Yahoo….. 1,000,000 x 0.6%= 6,000
Rediff…. 3,000,000 x 0.3%= 9,000

CPCs will be as under

Yahoo…. 3,50,000/6,000= Rs.58
Rediff… 3,00,000/9,000= Rs.33

Indicating that Rediff real estate works better and is more cost effective to drive the click traffic (maybe Rediff should sponsor my blog). Please note that the numbers are only indicative and for the sake of discussion.

As a performance advertiser, you would want a real estate that drives traffic and converts, not necessary a property that gets you eyeballs. CPC when used will remove this doubt from a planners mind (a smart marketer will further better this by using a better performing creative and up the CTRs). The benchmark CPCs (and effective CPCs) should be in the range of Rs.3 and upwards depending on the category.
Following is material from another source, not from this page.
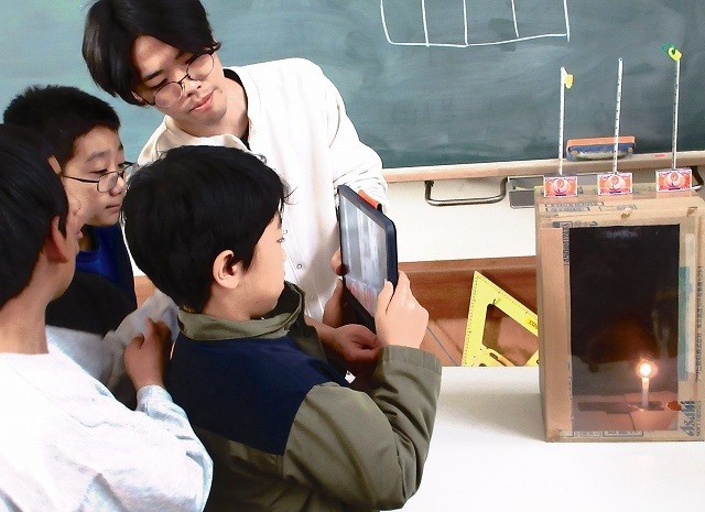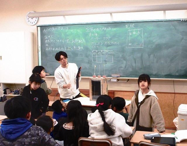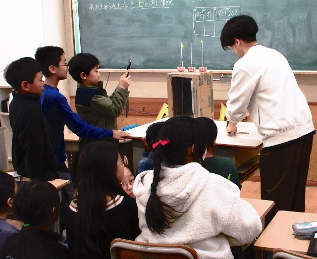 理科 4年 公開日 2026/01/23 更新日 2026/01/23 4年 4年生が理科でもののあたたまり方を実験していました。箱の中でろうそくを燃やして中の温度を測っていました。みんなで直接見たり、それをタブレットで中継しテレビモニターで観察したりしていました。実験結果から何がわかったのでしょうか。 +3 4年生

If you are jobs, it is easy and becomes tough for a luxury product/service.

In the performance marketing space the “IN THING” is the CPA (cost per acquisition), which a further distilled version on CPCs and effective CPMs. The most expected answer from a Publisher will be- “What is CPA?” and “There is a policy against CPAs”. As a smart buyer you will chance upon and start the CPC discussion with the publisher again.

Truth is, CPA deals are a potential source of loss for a publisher, unless he is in a dire need to sell his inventory. By far, Google and Other Search engines will give the Best CPAs, followed by Affiliates (if your price and conversion rates are attrctive). Another fact of the matter is that a publisher would need huge investment to CPAs, MSN has Atlas, Komli has it own technology and so does Yahoo (but they still have to start monetising it). Let me illustrate it with one last example. Suppose Yahoo campaign converts at 0.5% and so does Rediff. The cost per conversion will look as under

Yahoo Total conversions= 6,000 clicks x 0.5%= 30
Total Cost= Rs.3,50,000/30= Rs.11,667

Rediff Total conversions= 9,000 clicks x 0.5%= 45
Total Cost= Rs.3,00,000/30= Rs.6,667

Indicating that Rediff drives much cheaper conversions (Now Rediff should definitely sponsor this blog;). This however depends on a number of factors, but most importantly what a publisher must realise is that most of the conversions is brought about by Non-prime real estate or the remamant inventory. This opens their inventory to a completely new set of clientele and huge potential to monetise their inventory. Check out this mediapost article…

Please do note that the smarter you buy, the better you can justify the value and at the end of the day it your numbers and board meeting that matters!!